We live in a 24/7 media society of the spectacle where brainwashing is cunning and relentless, and the consuming public is consumed with thoughts and perceptions filtered through electronic media according to the needs and lies of corporate state power.

This propaganda comes in two forms: covert and overt. The latter, and most effective form, comes with a large dose of truth offered rapid-fire by celebrated, authoritative voices via prominent media. The truth is sprinkled with subtle messages that render it sterile.

This has long been the case, but it is even more so in the age of images on screens and digital media where words and images flow away like water in a rapidly moving stream. The late sociologist, Zygmunt Bauman, updating Marx’s famous quote “all that is solid melts into thin air,” called this “liquid modernity.”

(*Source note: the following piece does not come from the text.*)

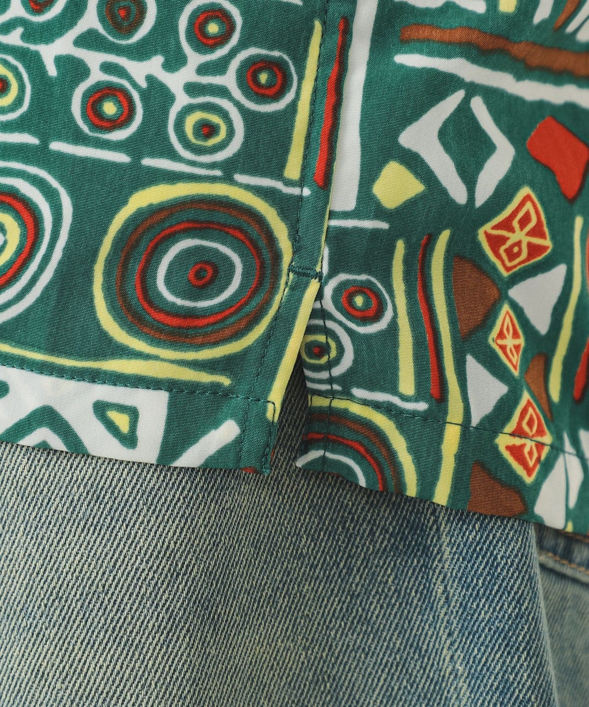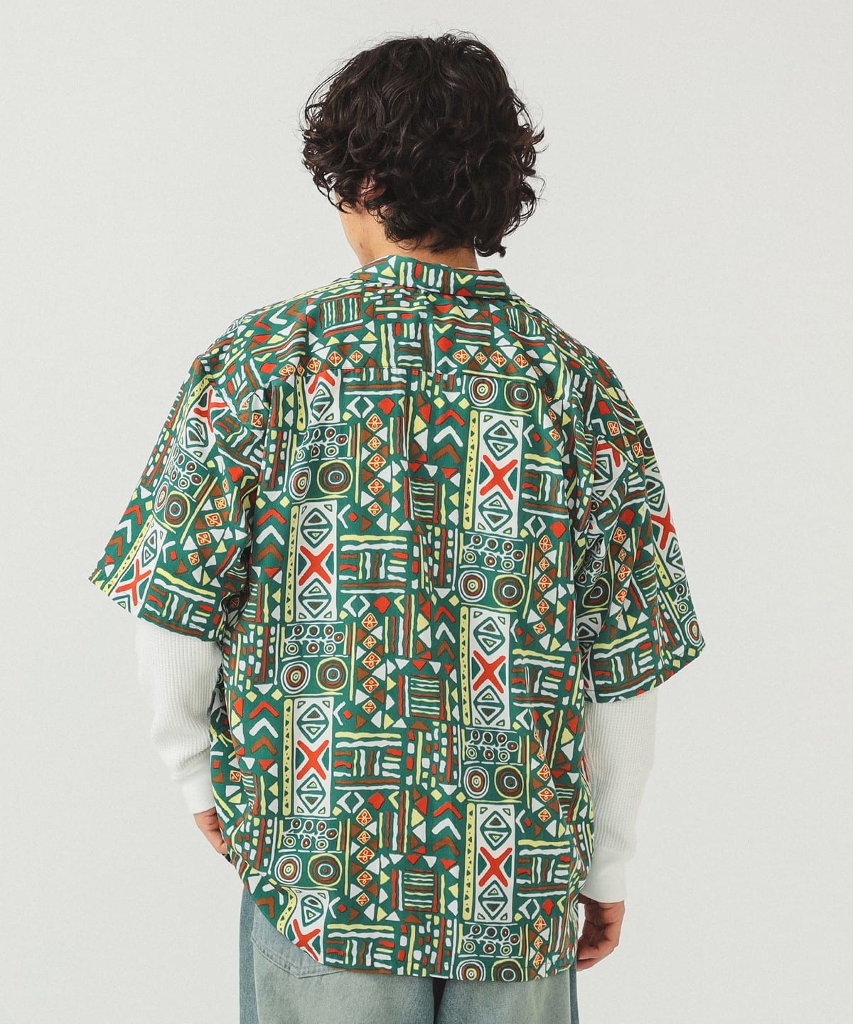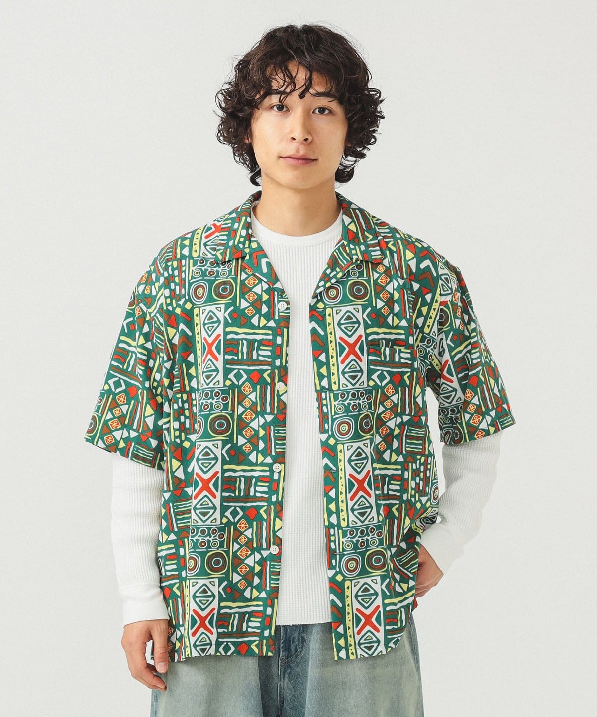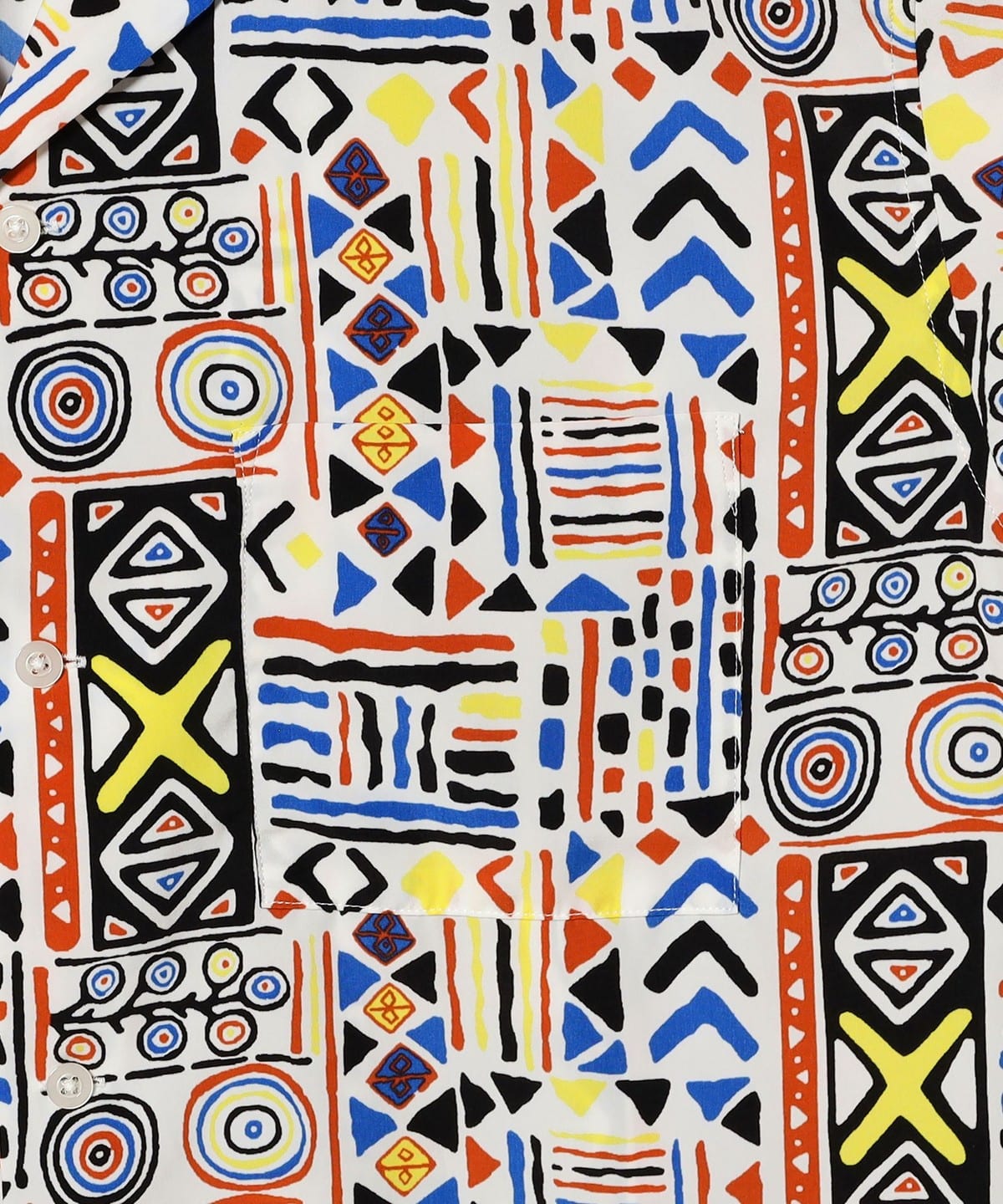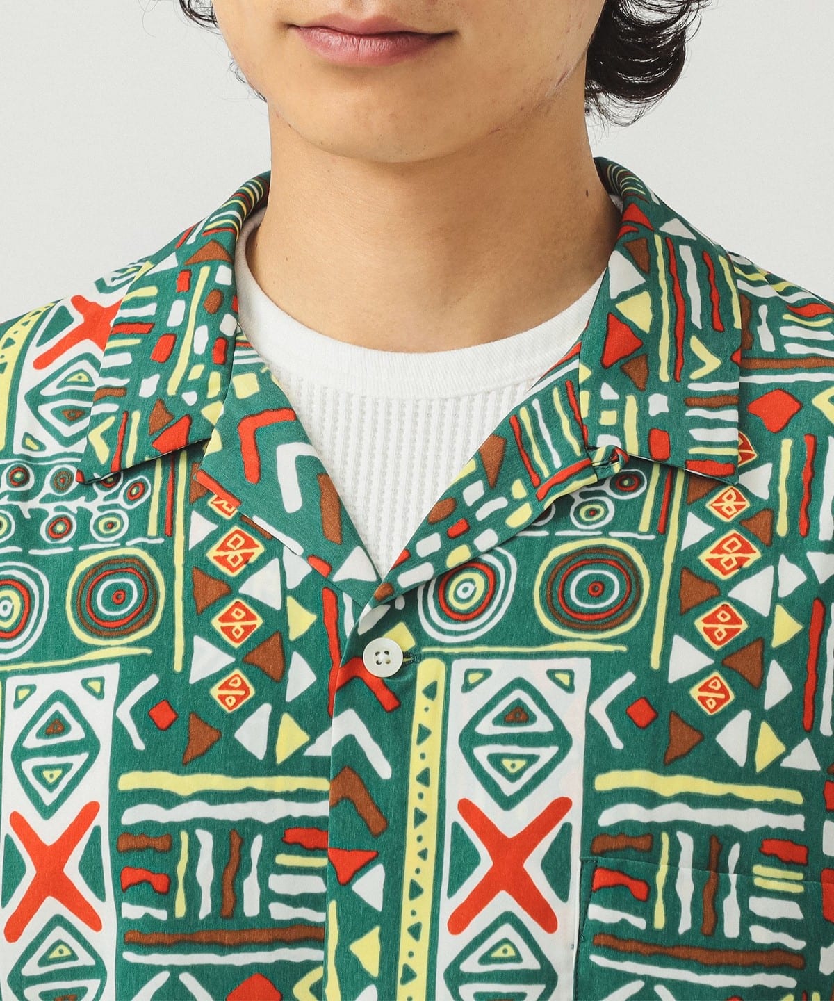 팝한 감각의 기하학 패턴이 시선을 사로잡는 오픈칼라 셔츠입니다.

Welcome to Operation Pandemonium

See, these experts purport to say: What we tell you is true, but it is impossible to draw definitive conclusions. You must drink the waters of uncertainty forever lest you become a conspiracy nut. But if you don’t want to be so labelled, accept the simplest explanation for matters that disturb you – Occam’s razor, that the truest answer is the simplest – which is always the official explanation.  If this sounds contradictory, that is because it is. It is meant to be. We induce schizophrenia.

And it is, these experts suggest, because we live in a world where all knowledge is relative, and you, the individual, like Kafka’s country bumpkin, who in his parable “Before the Law,” tries to get past the doorkeeper to enter the inner sanctum of the Law but is never allowed to pass; you, the individual, must accept the futility of your efforts and accede to this dictum that declares that all knowledge is relative, which is ironically an absolute dictum. It is the Law. The Law of contradictions declared from on high.

Many writers, journalists, and filmmakers, while allegedly revealing truths about the U.S. and its allies’ criminal operations at home and abroad, have for decades slyly conveyed the message that in the end “we will never know the truth,” the real facts – that convincing evidence is lacking.

This refusal to come to conclusions is a sly tactic that keeps many careers safe while besmirching, intentionally or not, the names of serious researchers who reach conclusions based on overwhelming circumstantial evidence (the basis for most murder convictions) and detailed, sourced facts, often using the words of the guilty parties themselves, but are dismissed with the CIA weaponized term “conspiracy theorists.”

This often escapes the average person who does not read footnotes and sources, if they even read books. They read screens and the mainstream media, which should now be understood to include much of the “alternative” media. And they watch all sorts of films.

But this “we will never know” meme, this false mystery, is shrewdly and often implicitly joined to another: That we do know because the official explanation of events is true and only nut cases would believe otherwise. Propaganda by paradox.  Operation chaos.